Republican Senator: Hey, Maybe We Should Consider Health Care Co-Ops
I’ve been warning for a while now that as Democrats see their plans for government health care go up in smoke they’re going to re-organize and come back with some other type of government plan and call it something else. I’ve also warned that Republicans might be willing to jump on board with something like that so that they can claim victory in having forced Democrats to do do something other than what they originally intended. Even if that “other” is just government health care by a different name.
The health care co-ops as suggested by Senator Kent Conrad seem to be rising to the top as the compromise option of choice. Today Senator Conrad has been all over the Sunday talk shows claiming that he and his fellow liberals don’t have the votes for a “public option” health care plan and that they need to try something else. Namely, his co-ops idea. And unfortunately at least one Republican was open to that idea as a compromise.

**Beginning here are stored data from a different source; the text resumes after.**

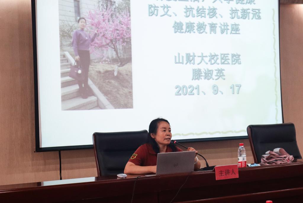 专题四,防艾、抗结核、抗新冠健康教育。防艾、抗结核、抗新冠健康教育专题由我校校医院的滕淑英院长主讲,她向同学们重点介绍了新冠肺炎、结核病和艾滋病的防治相关知识。本次讲座为我们介绍了艾滋病、结核病、新冠肺炎的传染源、传播途径、易感人群、临床表现等知识;提出了疫情常态化防控下的应急处理方法和校园常见传染病的防控措施,向我们介绍了如何正确认识校园常见疾病以及日常预防措施。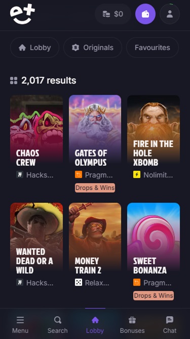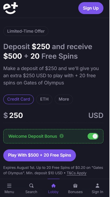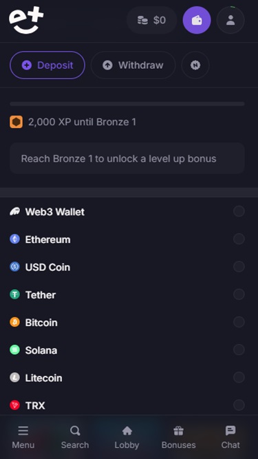 Quanto às opções bancárias, você pode optar por depositar com opções padrão, como MasterCard ou Visa . Você também pode optar por depositar com criptomoedas, já que essa opção se tornou muito popular nos últimos anos e consideramos positivo que as operadoras incluam essas alternativas.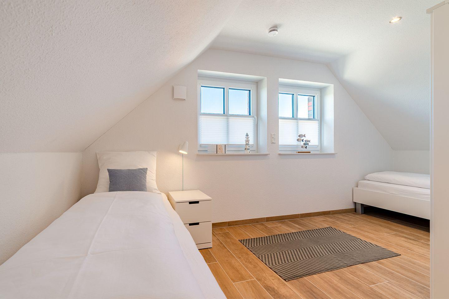 Schlafzimmer mit zwei Einzelbetten (90x200 cm und 90x190 cm) im OG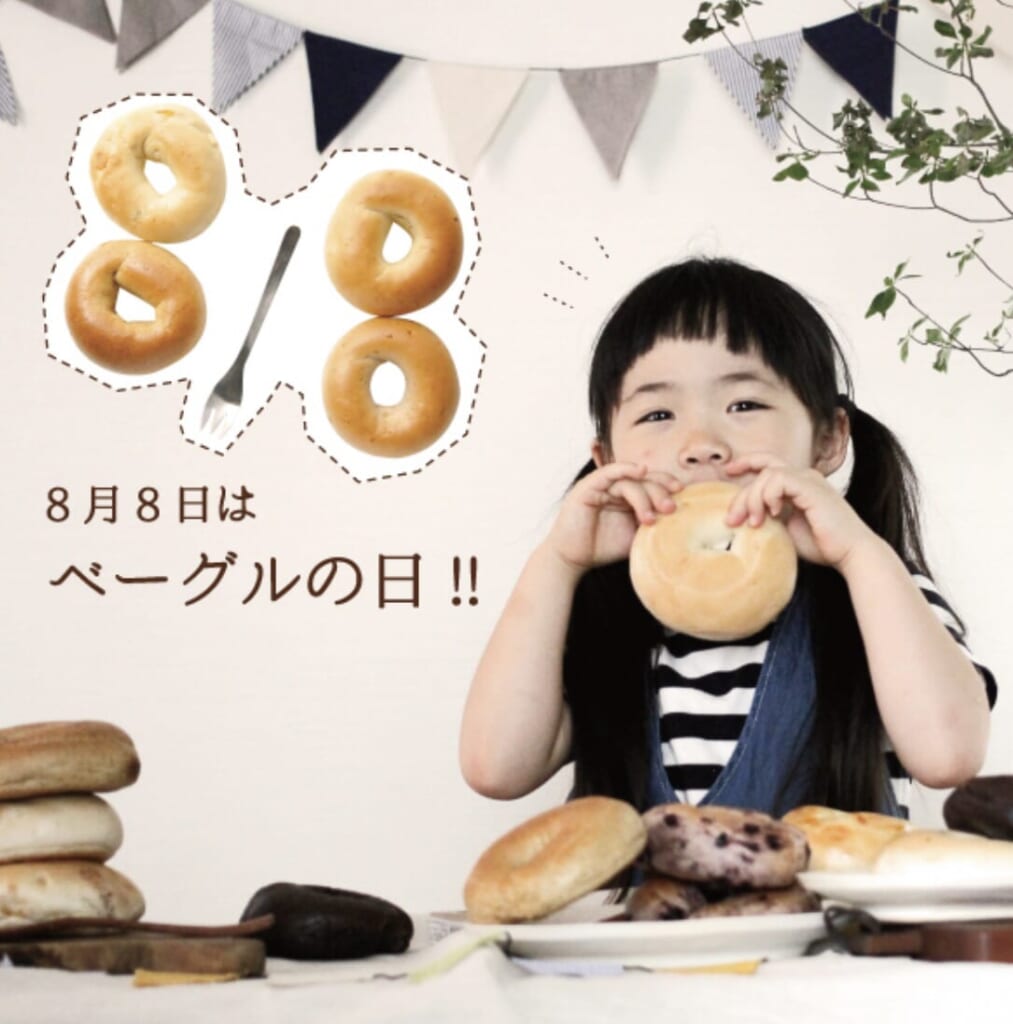 おそらくベーグルの輪を2つ合わせて8とする。形的なものなのでしょうね。パンの日は4月12日、あんぱんの日は4月4日、フランスパンの日は11月28日など、春や秋には記念日があるのですが、夏にパンの記念日があるとは知りませんでした。8月8日!パン屋にとって、夏の厳しい季節にベーグルでイベントもいいのではないでしょうか。

WASHINGTON — A Republican senator says a potential administration shift from a government-run health insurance to a privately run cooperative is something that opponents like him should consider.
Alabama’s Richard Shelby is a vocal opponent of the health care overhaul proposed by President Barack Obama. Shelby says he sees insurance co-ops as “a step away from the government take over of the health care system.”
He says “that’s something we should look at.”
Democratic Sen. Kent Conrad of North Dakota has been pushing the co-op system as an alternative to a government-run public option to help cover the nation’s nearly 50 million uninsured. Conrad says it’s an idea that has worked well in other business models.
Republicans shouldn’t be looking at health care co-ops. They should be rejecting co-ops as government heath care. Because they are, in fact, government health care. As I’ve pointed out before, co-ops would be created by the government. They’d be funded by the government. They’d be managed by the government. And you’d buy into them through government health care exchanges.
If that’s not government health care, what is?
What’s more, these government-sponsored co-ops would no doubt have all the same sort of perks and bailouts other government sponsored entities such as Fannie Mae and Freddie Mac get. Competing private insurers would be at a disadvantage, and co-ops would come to dominate the insurance industry in the same way Fannie and Freddie have dominated the housing markets.
We don’t want a “Fannie Mae” for health care. We need to make people more independent.